Graphical User interface (GUI)

In case you have troubles with BiaPy’s GUI, you can find instructions on how to use it in our walkthrough video:

Can’t I resize the GUI?

The GUI is currently not resizable, but you can move it by dragging the logo or the blank area at the top (see red rectangles in the figure):
Running the GUI for the first time:
- Windows: once you donwload the Windows binary an error may arise when running it: Windows protected your PC. This message occurs if an application is unrecognized by Microsoft. In this situation you can click in More info button and Run anyway. These steps are depicted in the figure below:
How to bypass the security error message when executing BiaPy app in Windows.
- Linux: once you donwload the Linux binary you need to grant execution permission to it by typing the following command in a terminal:
  chmod +x BiaPy
- macOS: you might experience the following error when open the app for the first time:
This is a common situation when opening third-party applications. Apple offers different ways of turning BiaPy an authorized application.

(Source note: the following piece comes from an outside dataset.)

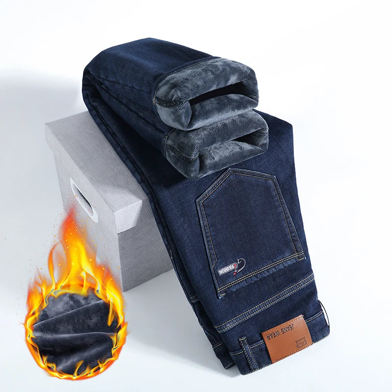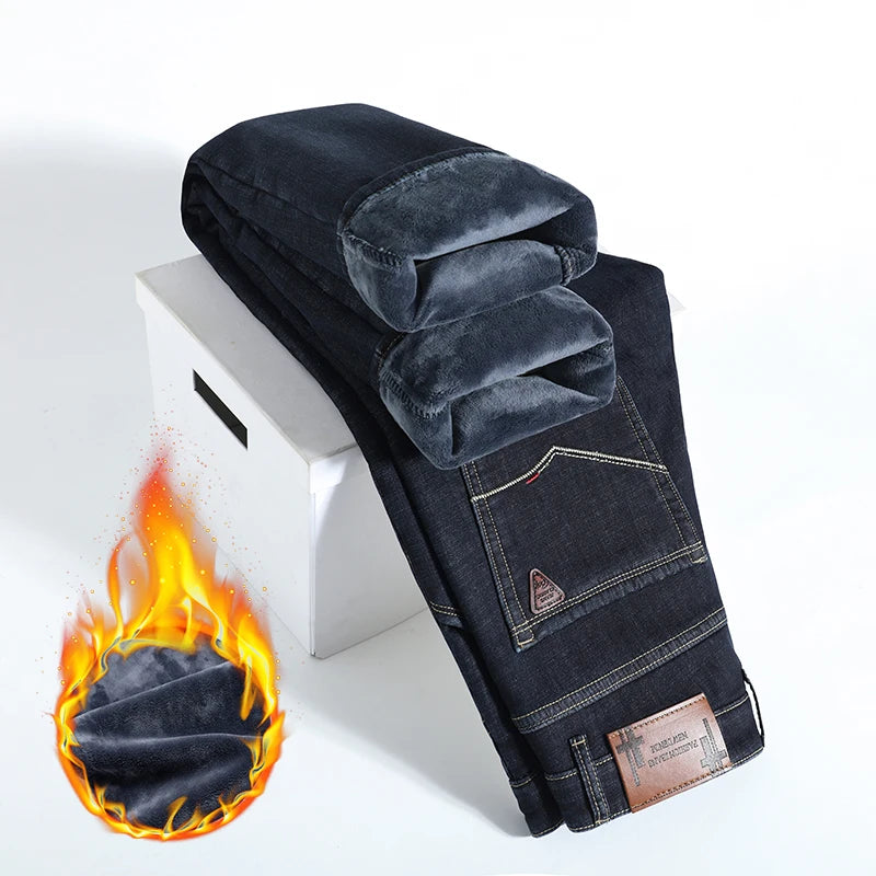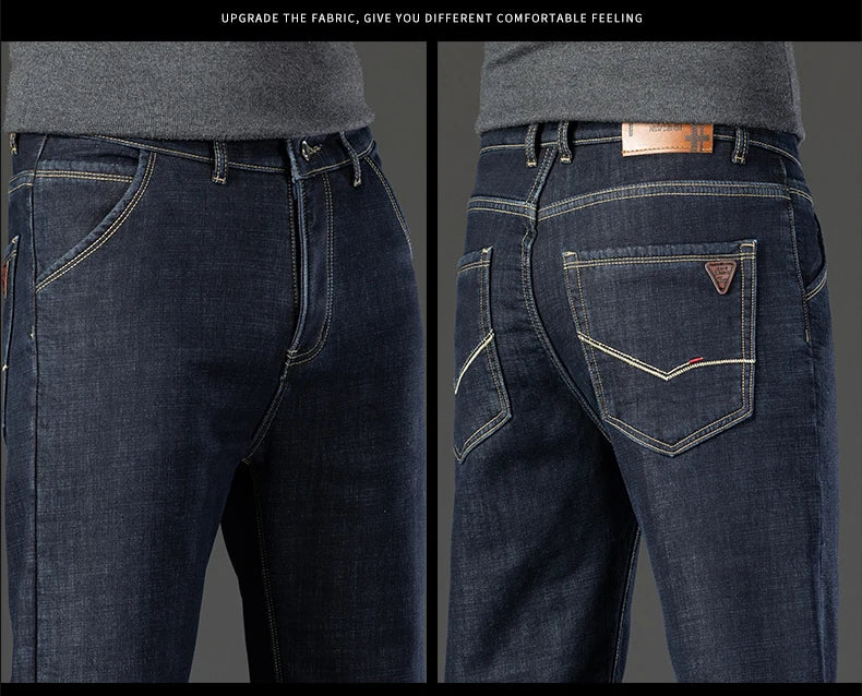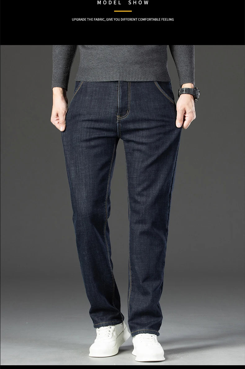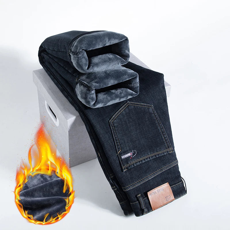 Elevate your winter wardrobe with the Winter Fleece Thick Jeans Men Business Casual Pants Collection. These essential pants combine functionality with timeless style, perfect for important meetings or laid-back weekends. Say goodbye to the discomfort of traditional jeans and embrace the warmth and comfort these pants offer.
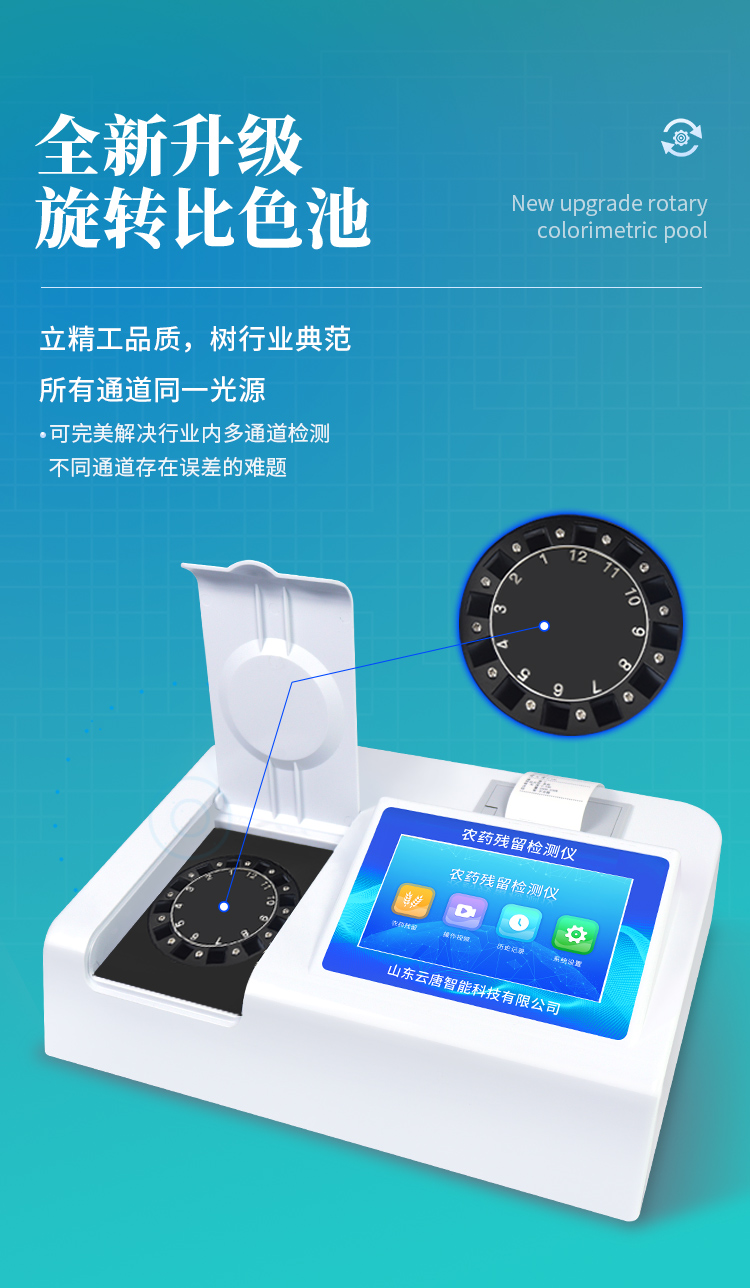 旋轉(zhuǎn)式農(nóng)藥殘留檢測(cè)儀8個(gè)檢測(cè)通道,可以同時(shí)測(cè)試多個(gè)樣品,循環(huán)檢測(cè),即放即檢,每個(gè)樣品由程序控制分別獨(dú)立工作,不會(huì)互相干擾。··· 熱線:133-7109-8225

In short, you can remove the quarantine attribute through terminal:

xattr -d com.apple.quarantine BiaPy.app

In some versions of macOS, you might also get this other security error when trying to execute the BiaPy application for the first time:

This is a known issue that can be easily bypassed by following these instructions.
When running BiaPy from the GUI on Windows, none of the Docker containers start and you get an error like this:
docker.errors.APIError: 400 Client Error for http+docker://localnpipe/v1.49/containers/create: Bad Request ("range of CPUs is from 0.01 to 2.00, as there are only 2 CPUs available")
This usually means that the value configured in the GUI for Number of CPUs is higher than the number of CPUs Docker is exposing on that machine. In the GUI, go to Advanced options and reduce Number of CPUs to a value Docker accepts, for example 1 or 2.

This workaround was confirmed for CPU execution on an older Windows workstation where Docker only detected two CPUs, even though the machine had more physical cores available.
When running BiaPy, as it is starting and after downloading you may get the following error:
GPU error docker.errors.APIError: 500 Server Error for http+docker://localhost/v1.46/containers/9ff69069d7627753045d46f9bb4246f56024a937b48746e0708d3499c9f852a5/start: Internal Server Error ("could not select device driver "" with capabilities: [[gpu]]")
This suggest that the NVIDIA GPU compatibility was not correctly set up (probably the nvidia container toolkit). Find the following useful links describing a few steps you can follow: https://github.com/NVIDIA/nvidia-docker/issues/1034 and https://docs.nvidia.com/datacenter/cloud-native/container-toolkit/1.13.5/install-guide.html

Limitations

Through the graphical user interface the multi-GPU is not supported.